One of the most beneficial aspects of the fixed income annuity is the fact that you may receive payments out of the annuity for the span of the contract or the lifetime of the annuitant. These life annuities can provide a guaranteed income throughout the whole duration of your retirement.

The basic tax treatment of fixed income annuities can be considered relatively simple, whereas as with most other tax questions, the details can get rather complicated. Most annuities enjoy tax-deferred growth, and are only taxable upon distribution.

Tax-deferred growth means that any growth inside of the annuity account is not taxable until it is distributed to the beneficiary. This growth can provide very significant gains to the overall account value.

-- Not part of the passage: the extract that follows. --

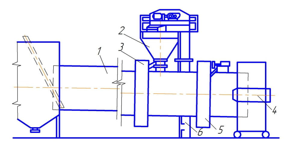 1- вращающаяся печь; 2 - бункер запаса опудривателя; 3 - устройство для ввода опудривателя; 4-горелка; 5 - устройство для ввода вторичного воздуха; 6 - элеватор

Each annuity distribution is split into two sections, a taxable section and a nontaxable section. The portion of the benefit that is taxable is dependent upon the exclusion ratio for the annuity. This ratio is calculated by dividing the amount invested in the annuity by the total amount expected to be received. This ratio is then multiplied by each anticipated distribution to calculate the taxable and non-taxable portions of the distribution.

Generally speaking, the taxable portion of the account refers to the portion of the account that has never been taxed, or the growth and payments beyond the premium payments. The nontaxable portion of the annuity is typically the sum of the premiums paid.

Fixed period annuities are normally much easier to calculate the taxes on than are life annuities. The life annuity contracts must use a special table by the U.S. Treasury to determine the life expectancy of the annuitant.

Though there are certainly disadvantages to fixed income annuities, the fixed annuity can be a very valuable resource for retirement planning and preservation of your hard-earned capital. The lifetime income guarantee that many annuities provide can give the investor a level of security, confidence, and low-risk growth that other vehicles cannot provide. Couple this safety with the tax-deferred treatment of fixed annuities and this insurance product can become a very effective financial planning tool.